Nodding, I savored the last bite of soup, licked the spoon clean.

“More?” Marian asked, walking over and claiming a spot at the table with her mug.

“No, thank you. That was perfect.” And I didn’t want to slosh on the next part of the ride.

“The shifters don’t admit that’s the reason, of course,” Arne said. “That they want to keep their standing among the humans. They say the issue is privacy. If humans don’t know they’re shifters, humans won’t watch them, obsess over their magic, try to use them for it.”

“It’s probably a little of both,” Connor said, and glanced at me. “About a third of the Pack still passes for humans.”
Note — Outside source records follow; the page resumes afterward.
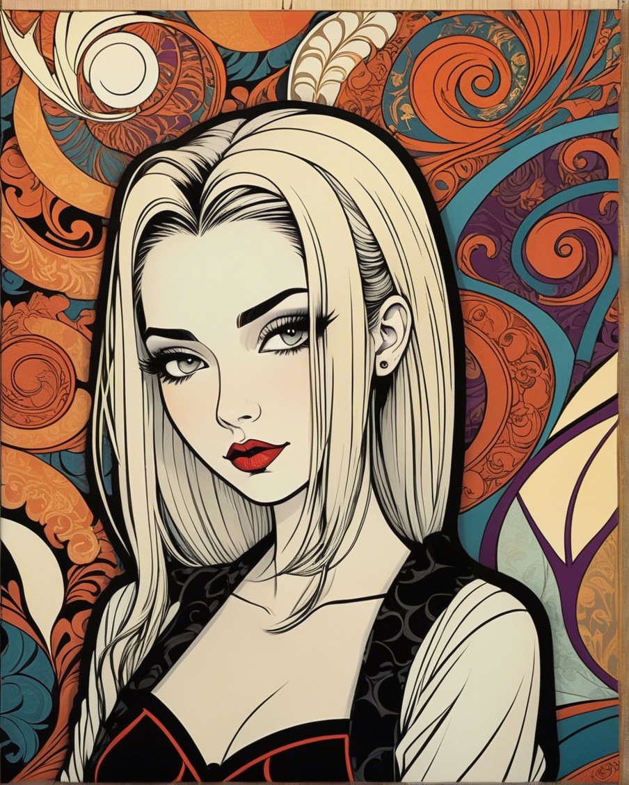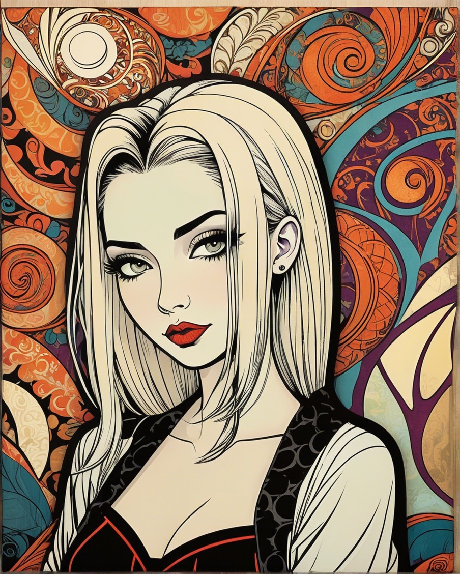 Prompt: istylized llustration, portraiture, female diva, upper body portrait emerging from whimsical patterns, dynamic lighting for a serene yet gothical ambiance, detailed textures with acetate and fabric patterns, enhancing the plasticity of the piece. Stylized woodblock print, stylized comic book art character in stacked-up perspective, lineage with thick stroke, hyper-detailed textures, graphically diverse textures, rounded edges, juvenile gothic rock outfit, satin blouse with frilly-like details, contouring outlines by stan lee, eroticism, seductive, sexy,, watercolor and ink style by ho baron, art nouveau style, soft pastel coloring, seductive, dethereal, details in watercolor wash, watercolour style, Water colour and pen, dim concrete background, waves,misty, retrofuturistic, serene, quaint, joyful, foampunk, uhd,hdr, octane render illustration 1.5, comic book art 1.7, grunge, coherent, stacked-up perspective, charcoal textures 1.7, fantasy style heroine in style of Overton Loyd and Susan Seddon Boulet, dark fantasy, kinetic flares and dripping details, uplifting, plasticity 1.6, luminosity 1.3, spray paint details,The background has a stylized filigree style, brushstroke fields, reminiscent of watercolor & ink, stippled, luminosity 1.9., stippled, abstract cubistic features reminiscent of american gothic 1.7, triadic color scheme red black beige, hues, close-up, Handsome hairdo, rounded edges, quilling, delicate coloring 1.8, blurry edges, rim dynamic lighting, stylized, stippled, (woodblock print (triadic color scheme beige, black, grey) 8:11), perfect handsface, squiggly line-art features, vivid illumination, intricate hairstyle), tints of comic book art, 7:11), luminous plasticity, auracore, 3d effects, octane render, eroticism, smooth edges, smooth, colored spaces, interplay of light and dark, otherworldly, rim lighting from bottom, sculpted, baroque, art nouveau details, cubistic fractalization, merged styles of Georgia O'Keeffe and Overton Loyd ,
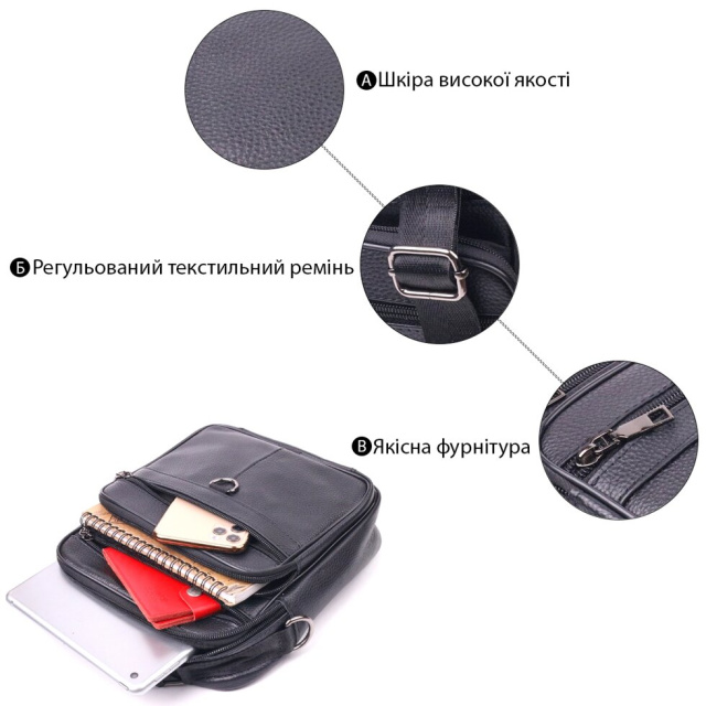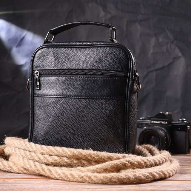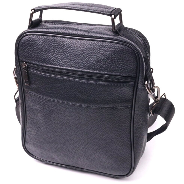 Сучасна чоловіча сумка середнього розміру із натуральної шкіри. Модель, яка ідеально підійде на кожен день. В аксесуарі одне основне відділення та п'ять кишень різних розмірів, сумку можна носити як у руці, так і на плечі. У сумку з легкістю помістяться всі необхідні речі. З таким аксесуаром усі Ваші речі будуть гаразд, з ним також буде зручно ходити на роботу чи зустрічі. Доповнено виріб якісною фурнітурою, темно-срібло кольору. Сумка стане чудовим подарунком для близької людини.
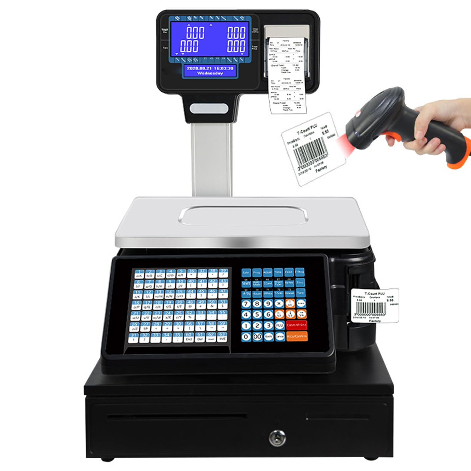 Perfekte Waage für Ihren Supermarkt oder Laden! Diese Kassenwaage wiegt bis zu 30kg und druckt gleichzeitig Quittungen - total praktisch. Mit klarem LCD-Display siehst du Gewicht und Preis auf einen Blick. Die Waage spricht übrigens deine Sprache, denn du kannst sie ganz einfach einstellen. Ob für Obst, Gemüse oder andere Waren - hier stimmt einfach alles. Der Drucker arbeitet super sauber und du kannst sogar eigene Vorlagen gestalten. Mit Name, Preis, Datum - was immer du brauchst. Und das Beste: Die Waage ist megagenau, da macht das Abwiegen richtig Spaß. Perfekt für jeden Einzelhandel, Wochenmarkt oder deinen kleinen Laden. Einfach anschließen und loslegen!
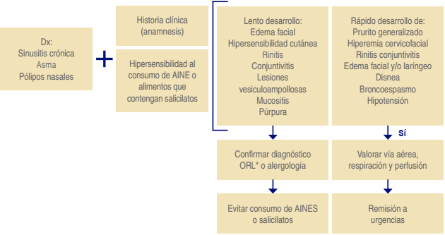 Una anamnesis con historia de asma, urticaria, escurrimiento nasal, poliposis nasal, hipo o anosmia, a veces síntomas gastrointestinales, hasta síntomas cardiovasculares en respuesta a una reacción de hipersensibilidad después de la ingesta de algún AINE, muy probablemente se trata de una EREA.14,15
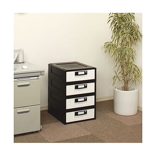 ファイル収納に適した鍵付きオフィスチェストです。引き出しやすい金属レールを採用。天板を付けたまま最大4段までスタッキング可能。 |
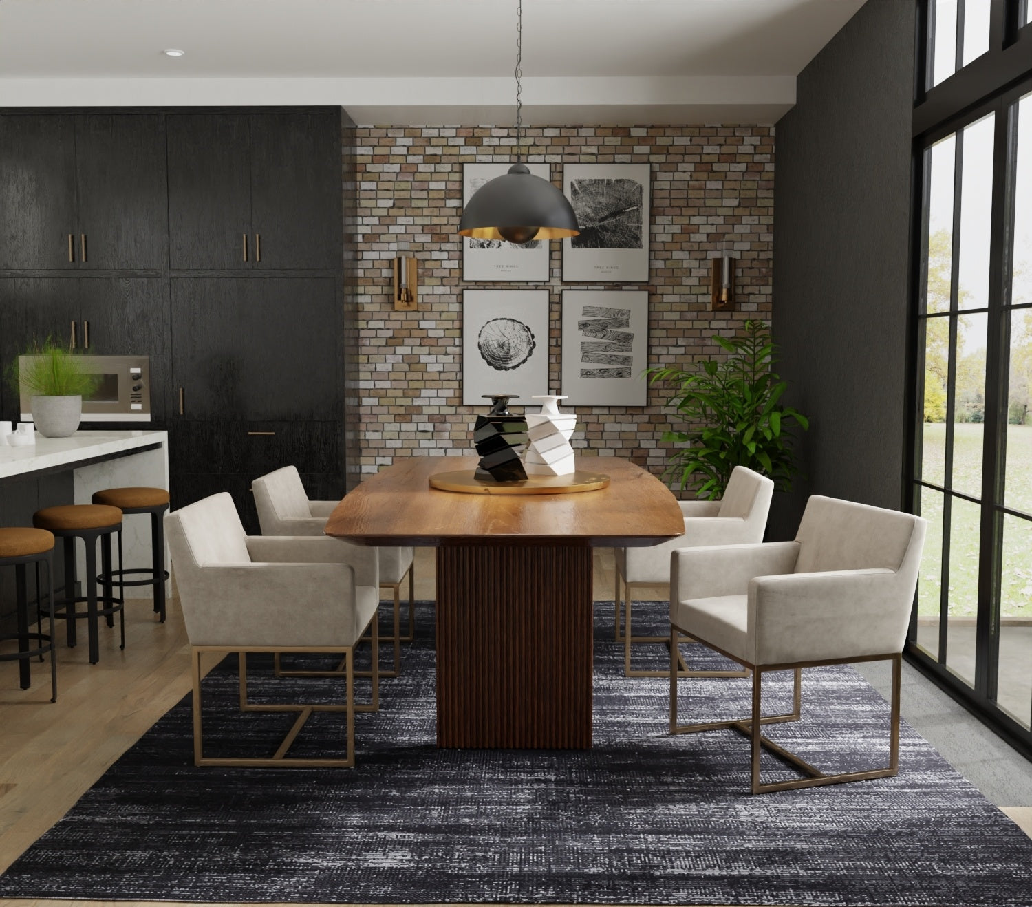 When selecting a dining room rug, choose one large enough to fit under the table and chairs, ensuring that when the chairs are pulled out, they remain on the rug for a balanced look.
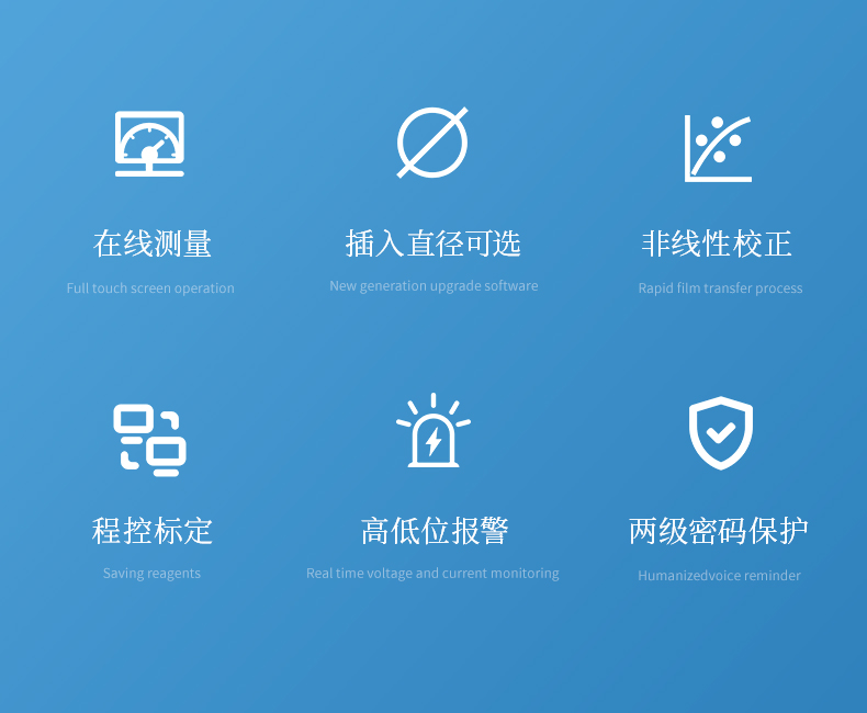 插入直徑可選,各種插入直徑的膜透器有多種插入長度可選。儀器具有非線性校正,程控標定,高低位報警,兩級密碼保護重要數(shù)據(jù)和菜單組態(tài)等功能。
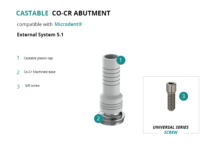 Castable Abutment with Co-Cr Base compatible with Microdent® External System 5.1
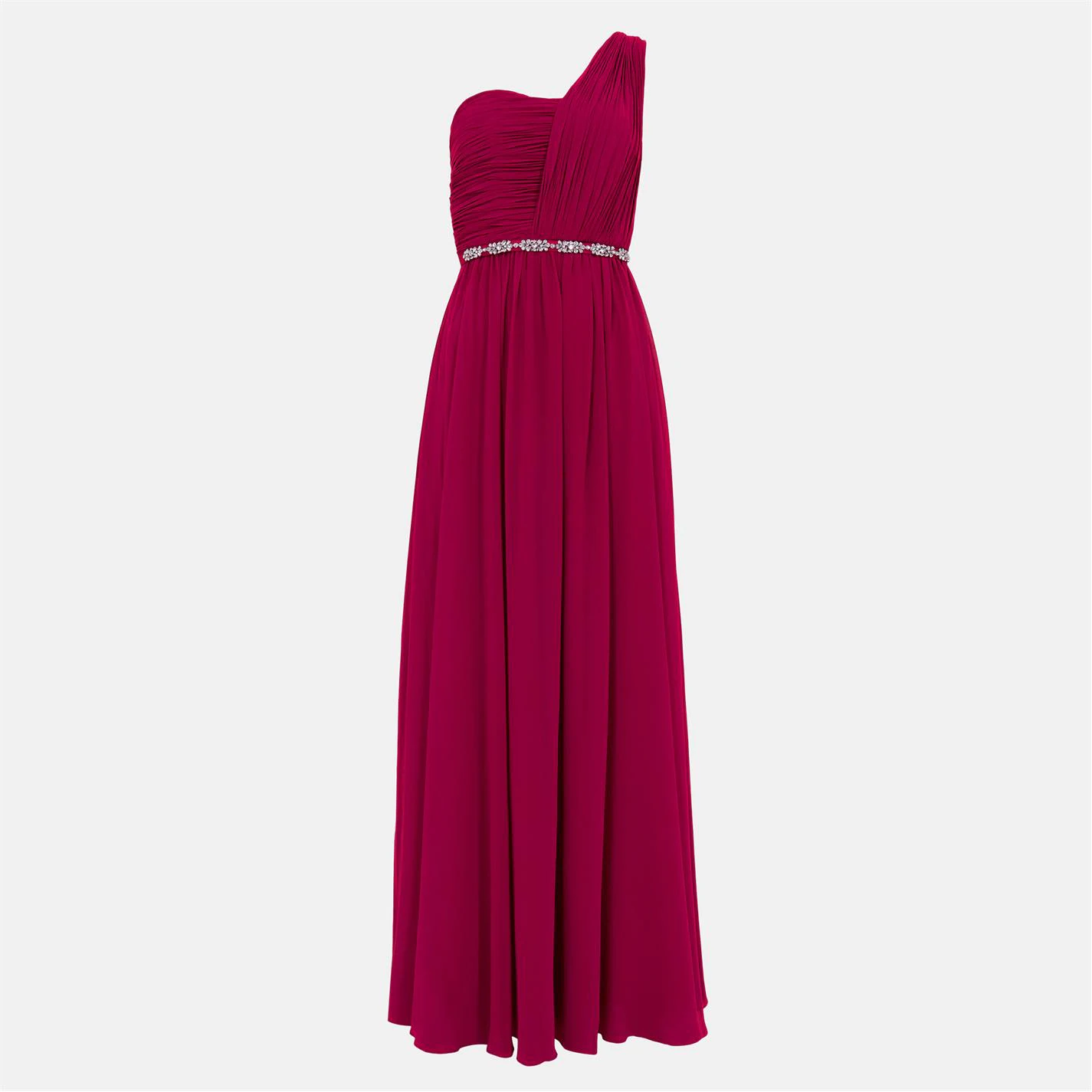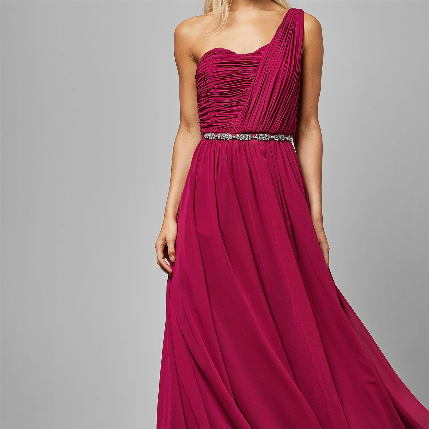 Add some glitz and glamour to your occasion wear with the Ted Baker Finella Maxi Dress. Designed with a gathered waistline adorned with a sparkling gem belt, the one shoulder construction adds an immediate modern appeal. With the floaty maxi length making the dress perfect for bridesmaids or evening balls, the solid block colouring provides a timeless touch.

“So many,” I said quietly. So many unable to be honest. Tied by circumstances, or decisions, to pretending. It bothered me more than I would have thought, probably in part because I’d been able to be an “obvious” vampire. There’d been no need to hide—and it wouldn’t have even been possible, given my parents’ fame.

“They spend a lot of time trying to hide who they are,” Marian said quietly. “We didn’t want our girls growing up like that, having to worry about every little thing they did or said, whether that would spill the secret. So we left, found a new community, and have been completely up-front.”